• Your assignment:
Restate each record below word for word, skipping images.

• Input for this task:
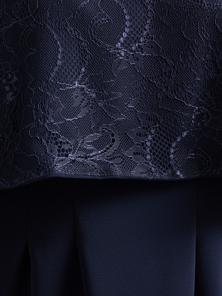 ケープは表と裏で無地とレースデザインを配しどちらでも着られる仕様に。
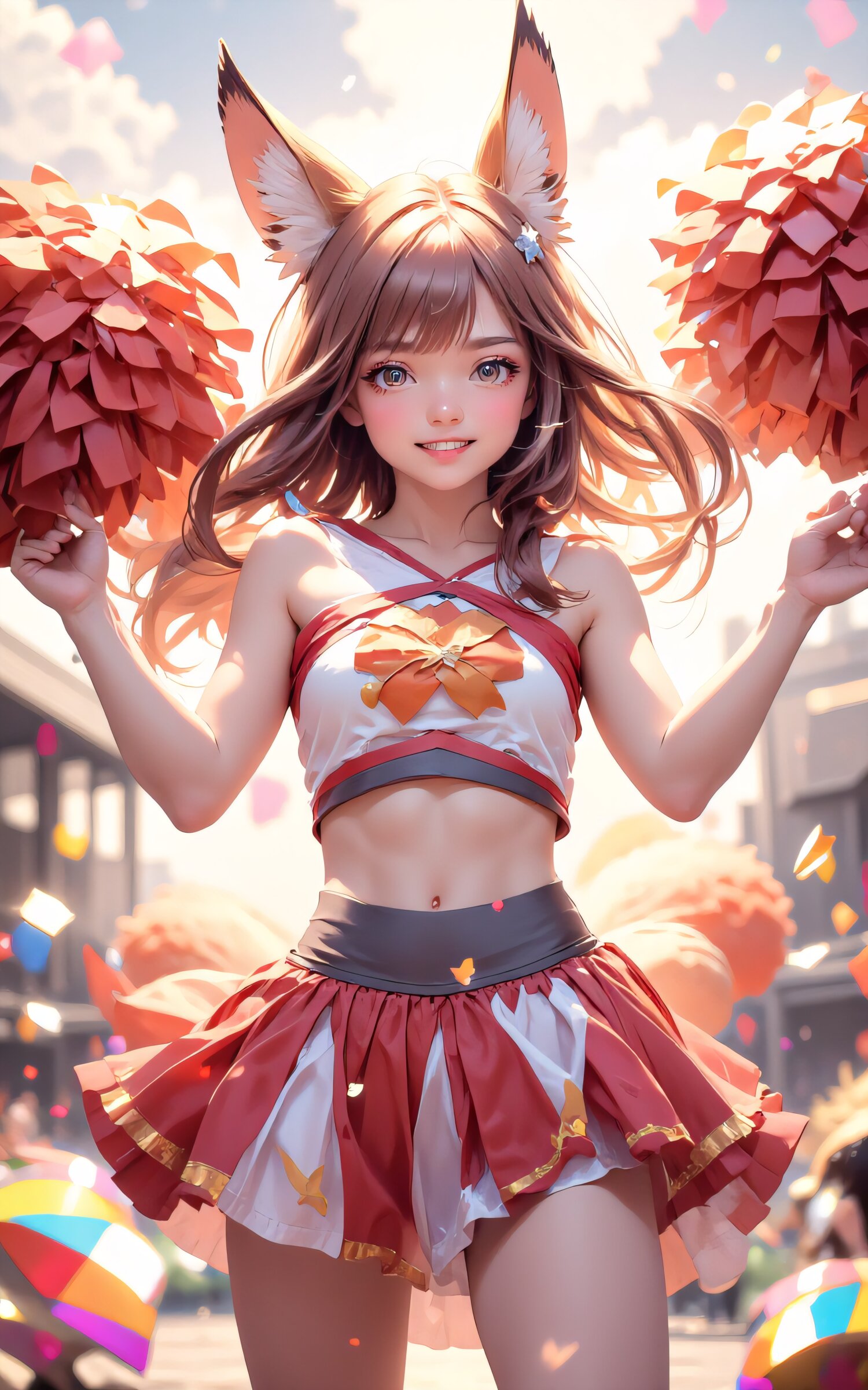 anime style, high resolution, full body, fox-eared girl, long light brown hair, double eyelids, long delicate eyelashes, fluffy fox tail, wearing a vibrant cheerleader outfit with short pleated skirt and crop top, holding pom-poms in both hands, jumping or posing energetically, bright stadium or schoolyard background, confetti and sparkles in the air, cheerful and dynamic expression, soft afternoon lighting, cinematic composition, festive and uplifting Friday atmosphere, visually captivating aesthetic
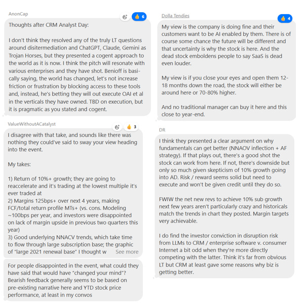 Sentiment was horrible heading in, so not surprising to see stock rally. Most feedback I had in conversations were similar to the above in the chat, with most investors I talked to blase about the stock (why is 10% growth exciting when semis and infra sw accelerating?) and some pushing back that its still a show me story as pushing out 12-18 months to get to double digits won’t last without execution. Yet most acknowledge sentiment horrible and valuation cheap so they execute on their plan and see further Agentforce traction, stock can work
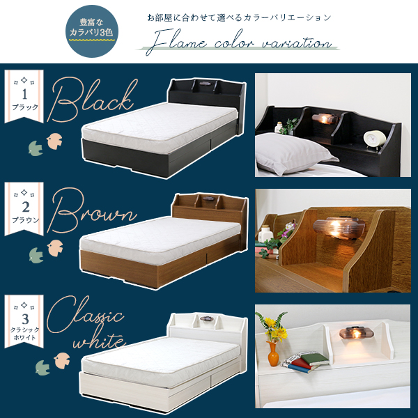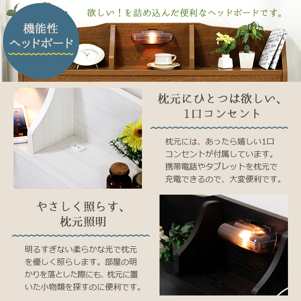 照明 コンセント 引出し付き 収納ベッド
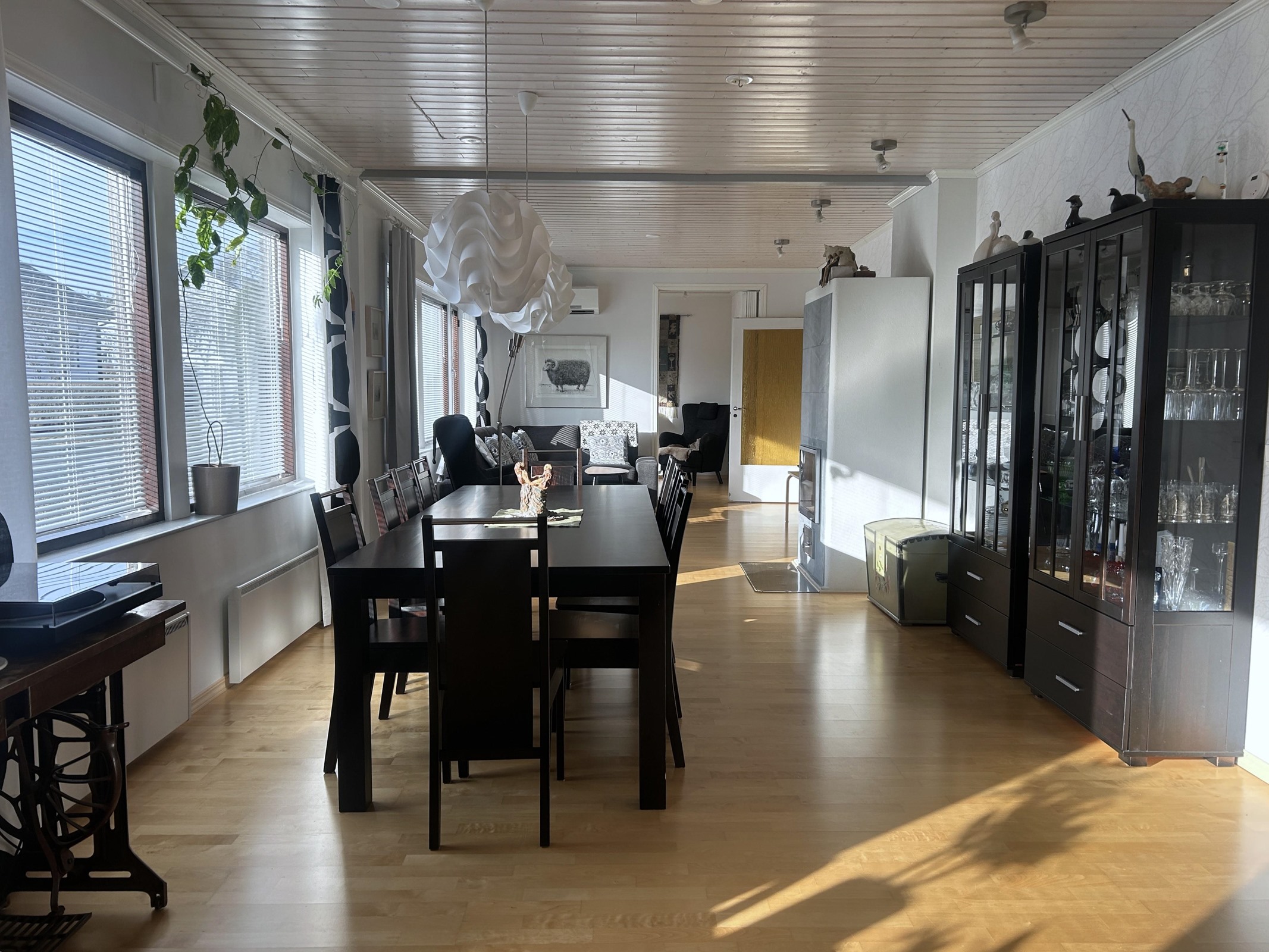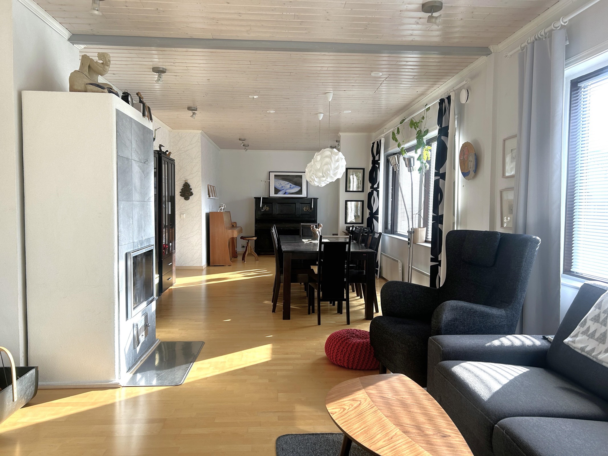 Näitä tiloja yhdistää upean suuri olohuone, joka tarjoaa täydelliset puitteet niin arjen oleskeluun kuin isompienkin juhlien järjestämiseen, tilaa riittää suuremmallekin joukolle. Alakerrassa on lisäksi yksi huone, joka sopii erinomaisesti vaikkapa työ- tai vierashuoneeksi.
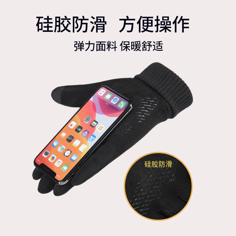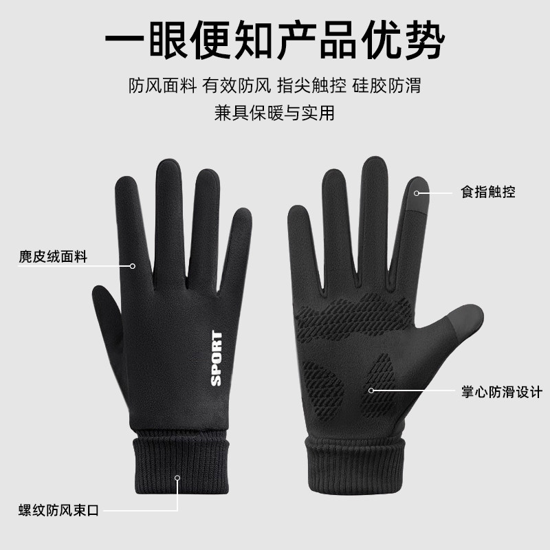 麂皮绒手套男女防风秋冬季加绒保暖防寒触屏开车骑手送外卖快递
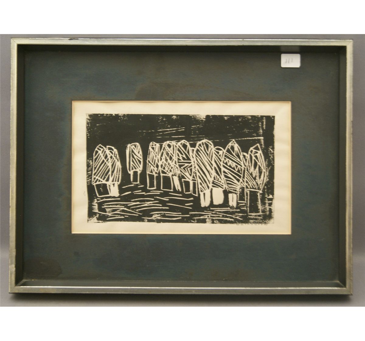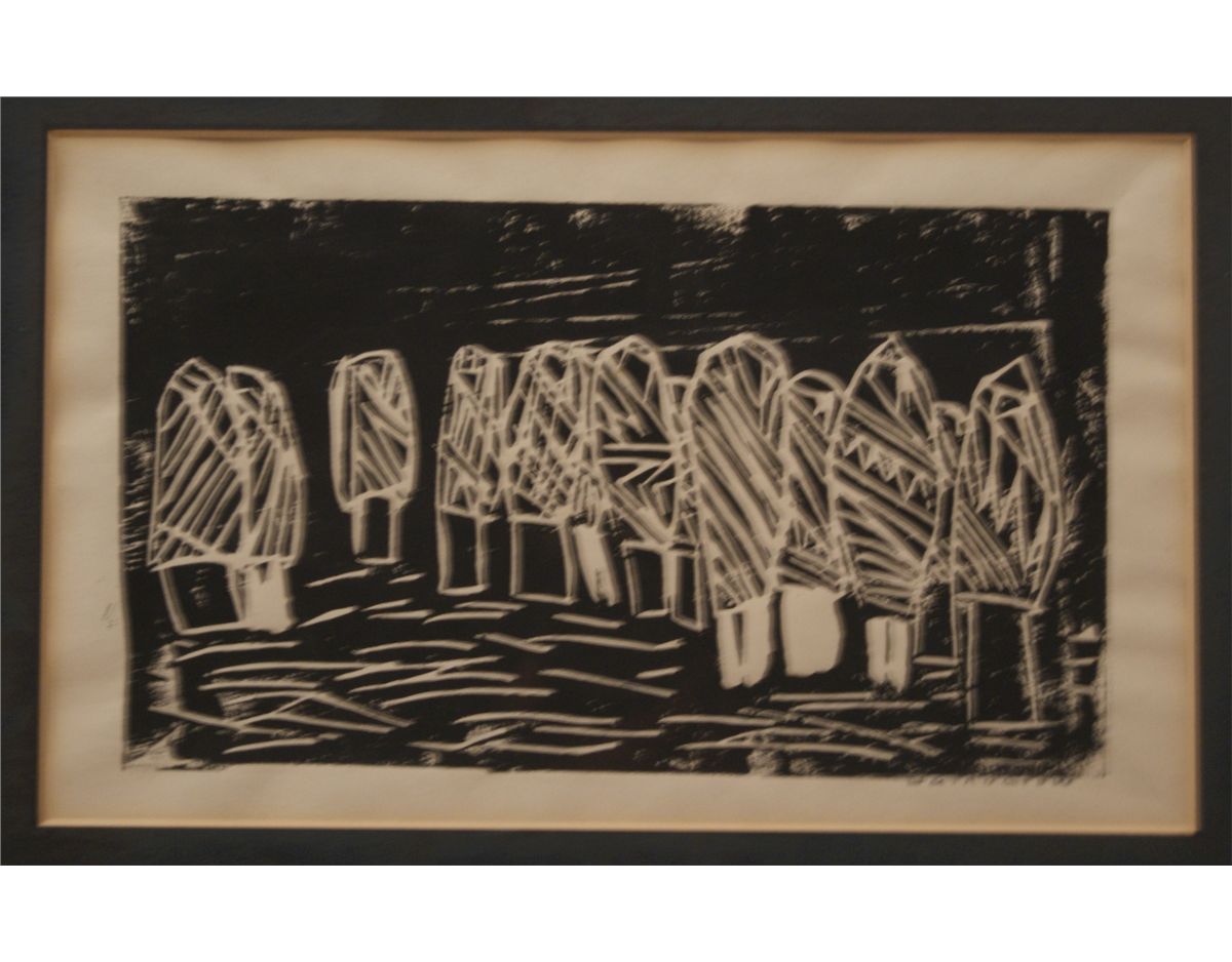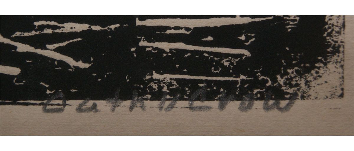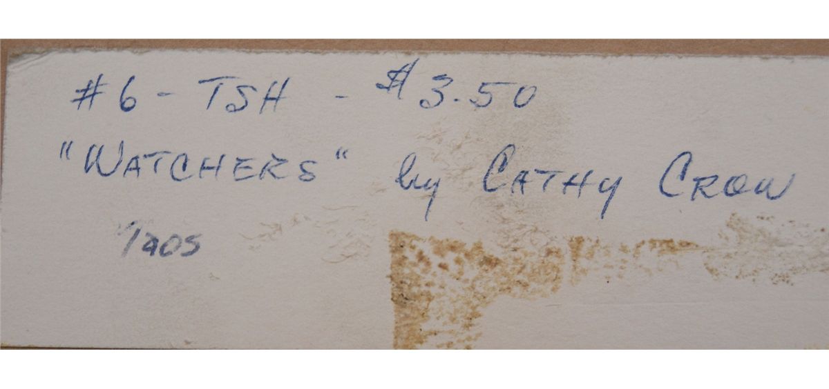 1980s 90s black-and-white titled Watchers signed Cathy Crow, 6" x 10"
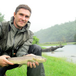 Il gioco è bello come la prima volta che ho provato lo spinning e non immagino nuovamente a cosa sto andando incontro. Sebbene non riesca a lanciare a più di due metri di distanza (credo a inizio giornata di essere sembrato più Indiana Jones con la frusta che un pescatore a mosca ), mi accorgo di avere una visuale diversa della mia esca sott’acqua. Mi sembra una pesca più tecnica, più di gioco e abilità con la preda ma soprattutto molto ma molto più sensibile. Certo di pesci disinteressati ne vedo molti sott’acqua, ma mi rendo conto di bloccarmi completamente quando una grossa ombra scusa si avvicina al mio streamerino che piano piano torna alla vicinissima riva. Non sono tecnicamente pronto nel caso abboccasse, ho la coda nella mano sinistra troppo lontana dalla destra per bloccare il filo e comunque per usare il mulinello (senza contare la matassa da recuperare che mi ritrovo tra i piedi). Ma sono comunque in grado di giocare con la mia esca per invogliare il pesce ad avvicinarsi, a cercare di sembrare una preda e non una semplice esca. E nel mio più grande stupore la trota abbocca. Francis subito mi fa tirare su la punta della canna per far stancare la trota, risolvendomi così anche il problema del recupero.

• Output for this exercise:
 ケープは表と裏で無地とレースデザインを配しどちらでも着られる仕様に。
 anime style, high resolution, full body, fox-eared girl, long light brown hair, double eyelids, long delicate eyelashes, fluffy fox tail, wearing a vibrant cheerleader outfit with short pleated skirt and crop top, holding pom-poms in both hands, jumping or posing energetically, bright stadium or schoolyard background, confetti and sparkles in the air, cheerful and dynamic expression, soft afternoon lighting, cinematic composition, festive and uplifting Friday atmosphere, visually captivating aesthetic
 Sentiment was horrible heading in, so not surprising to see stock rally. Most feedback I had in conversations were similar to the above in the chat, with most investors I talked to blase about the stock (why is 10% growth exciting when semis and infra sw accelerating?) and some pushing back that its still a show me story as pushing out 12-18 months to get to double digits won’t last without execution. Yet most acknowledge sentiment horrible and valuation cheap so they execute on their plan and see further Agentforce traction, stock can work
 照明 コンセント 引出し付き 収納ベッド
 Näitä tiloja yhdistää upean suuri olohuone, joka tarjoaa täydelliset puitteet niin arjen oleskeluun kuin isompienkin juhlien järjestämiseen, tilaa riittää suuremmallekin joukolle. Alakerrassa on lisäksi yksi huone, joka sopii erinomaisesti vaikkapa työ- tai vierashuoneeksi.
 麂皮绒手套男女防风秋冬季加绒保暖防寒触屏开车骑手送外卖快递
 1980s 90s black-and-white titled Watchers signed Cathy Crow, 6" x 10"
 Il gioco è bello come la prima volta che ho provato lo spinning e non immagino nuovamente a cosa sto andando incontro. Sebbene non riesca a lanciare a più di due metri di distanza (credo a inizio giornata di essere sembrato più Indiana Jones con la frusta che un pescatore a mosca ), mi accorgo di avere una visuale diversa della mia esca sott’acqua. Mi sembra una pesca più tecnica, più di gioco e abilità con la preda ma soprattutto molto ma molto più sensibile. Certo di pesci disinteressati ne vedo molti sott’acqua, ma mi rendo conto di bloccarmi completamente quando una grossa ombra scusa si avvicina al mio streamerino che piano piano torna alla vicinissima riva. Non sono tecnicamente pronto nel caso abboccasse, ho la coda nella mano sinistra troppo lontana dalla destra per bloccare il filo e comunque per usare il mulinello (senza contare la matassa da recuperare che mi ritrovo tra i piedi). Ma sono comunque in grado di giocare con la mia esca per invogliare il pesce ad avvicinarsi, a cercare di sembrare una preda e non una semplice esca. E nel mio più grande stupore la trota abbocca. Francis subito mi fa tirare su la punta della canna per far stancare la trota, risolvendomi così anche il problema del recupero.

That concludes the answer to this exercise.